How the US and Saudis Can Get Past the OPEC+ Dispute

https://www.bloomberg.com/opinion/articles/2022-10-15/democrats-can-t-let-opec-spat-derail-us-saudi-relationship?srnd=opinion&sref=tp95wk9l

Washington feels betrayed. Riyadh doesn’t understand why. A resetting of the Carter doctrine could restore trust between them.

The sudden crisis in US-Saudi relations is one of the worst — yet most unnecessary — in a partnership that has lasted almost 80 years. While it’s understandable that Americans are outraged at a decision by the Saudi-led OPEC+ group to cut petroleum production and bolster prices, both sides have failed to understand each other’s perspectives.

Viewing the production cut through the prism of the Ukraine war — Russia is part of the OPEC+ coalition — Washington feels betrayed. President Joe Biden’s administration believed that it had assurances Saudi Arabia would not raise prices, especially with Europe facing a cold winter and a lack of Russian natural gas. Washington, along with the United Arab Emirates, unsuccessfully urged the Saudis not to take this step.

The US perception is that Saudi Arabia instead sided with Moscow, given that high oil prices will strengthen the Russian economy against sanctions. The Saudis have also stumbled into US domestic politics. Democrats in general have a negative view of Saudi Arabia, bluntly expressed by candidate Joe Biden in 2019 when he threatened to treat the country as a “pariah.” Democrats in Congress are now threatening Saudi Arabia with harsh reprisals and want to downgrade the relationship with what they see as a faithless ally.

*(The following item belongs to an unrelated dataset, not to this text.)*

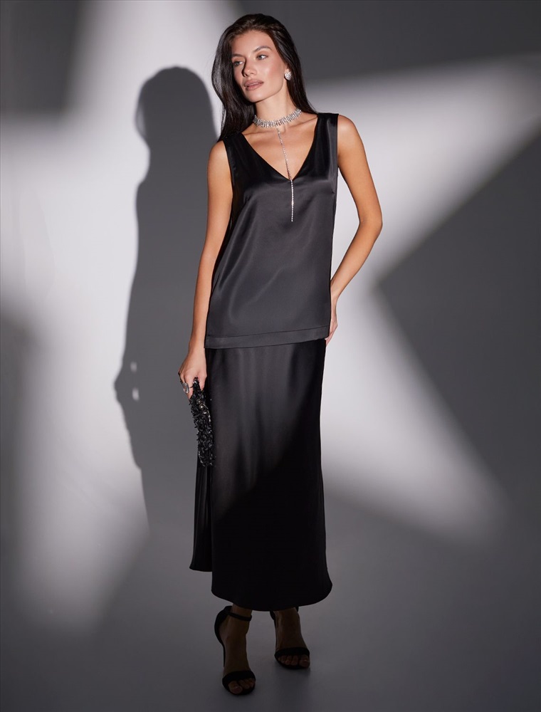Плотность: 190 Г/м2 Изящный нарядный топ черного цвета с V вырезом выполнен из нежного премиального сатина с небольшим добавлением эластана. Свободный крой обеспечивает комфорт, легкость и свободу движений, подчеркивая изысканность образа и женственность силуэта. Особое внимание привлекает мягкий приглушенный блеск материала, придающий топу дорогое и утонченное звучание. Материал отличается приятной текстурой и долговечностью, что гарантирует долгий срок службы топа. Благодаря струящейся, но плотной ткани, топ мягко ложится по фигуре, придавая легкость и подчеркивая достоинства любого типа фигуры. Приятная на ощупь текстура и хорошая воздухопроницаемость - делает повседневный топ отличным выбором для теплого времени года или для носки в помещении. Топ подойдет как на большие размеры, так и на маленькие — универсальность фасона позволяет чувствовать себя уверенно вне зависимости от комплекции. Декольте оформлено аккуратно, создавая эффектный акцент без излишней открытости. Этот топ идеально подойдет для создания стильного ансамбля на вечерние мероприятия или важные события. Благодаря сочетанию элегантности и практичности, такая стильная блузка без рукавов станет незаменимой частью гардероба для женщин, которые ценят качество и комфорт в одежде. Благородный блеск сатина добавляет нотку роскоши в повседневный гардероб и гармонично сочетается с разными стилями одежды: офисными брюками, джинсами или юбками. V-образный вырез визуально вытягивает шею и создает элегантный акцент в зоне декольте, делая образ более открытым и современным. Комментарии к товару

This attitude is partly rooted in the perception that the Saudis are aligned with Republicans, especially former President Donald Trump. They assume Riyadh is attempting to put its thumb on the scale to help Republicans in next month’s congressional elections and even set the stage for a Trump comeback.

The Saudis have a very different point of view. The official line is that it is “just an economic decision” — but it’s more than that. It’s a strategic move in the broadest sense, yet not aimed against Washington and even less toward Moscow. Saudi Arabia is attempting an epochal socio-economic transformation in short order. The country has a few decades to use its remaining oil revenue to remake itself into a society that can function without relying on petroleum exports.

It had a long-term policy of seeking to maintain oil at $100 a barrel, which Washington was comfortable with for a long time. In recent months, the price per barrel was steadily dropping, and the OPEC+ move was designed to maintain an $80 per barrel minimum and, the Saudis hope, sustain it at $90 per barrel, consistent with their development plans.

The Saudis weren’t thinking about Ukraine — like many people in Asia and Africa, they don’t think in absolute terms of being pro- or anti-Russian — although that was certainly shortsighted. And it’s frankly narcissistic for Democrats to imagine that the Saudis are adjusting their national grand strategy around the upcoming midterm vote. Once the Trump administration declined to respond to the devastating Iranian drone and missile attacks on Saudi Aramco facilities in September 2019, any lingering sense that Republicans were the answer for Saudi concerns evaporated.

Americans are shocked because they expected Saudi Arabia to be more attuned to US imperatives. Saudis are taken aback because they don’t see why anyone is surprised or any of this is a big deal.

It’s not just incompatible perceptions at work. There’s an underlying deficit of trust. The US wants and expects Saudi cooperation, above all on energy pricing. Saudi Arabia wants and expects US security support, but feels its protector is shifting its attention to Europe and especially China.

But the countries do still need each other. Only the US can provide Saudi Arabia the security it requires. And the Saudis are the only plausible regional partner for the still-strategically crucial US dominance in the waterways of the Persian Gulf, which constitutes one of Washington’s most potent forms of leverage over rivals like China.

After tempers cool, the US needs to formulate a new security commitment to Gulf Arab states, including Saudi Arabia. This would effectively update the 1979 Carter doctrine — a pledge to rebuff any nation that attempts to dominate the Gulf by force — and respond to contemporary threats like the 2019 missile attacks. And that agreement, of course, would be contingent on the Gulf Arabs renewing their commitment to US interests and Washington’s global as well as regional strategies.

Without such a new commitment, this long-lasting alliance is likely to deteriorate into a transactional relationship that is much less useful to both sides.

The next OPEC+ meeting, on Dec. 4, gives the Saudis an important opportunity to adjust the pricing decision. It’s essential they do that in coordination with Washington, as a first step toward repairing a partnership that has lasted so long because it offers so much.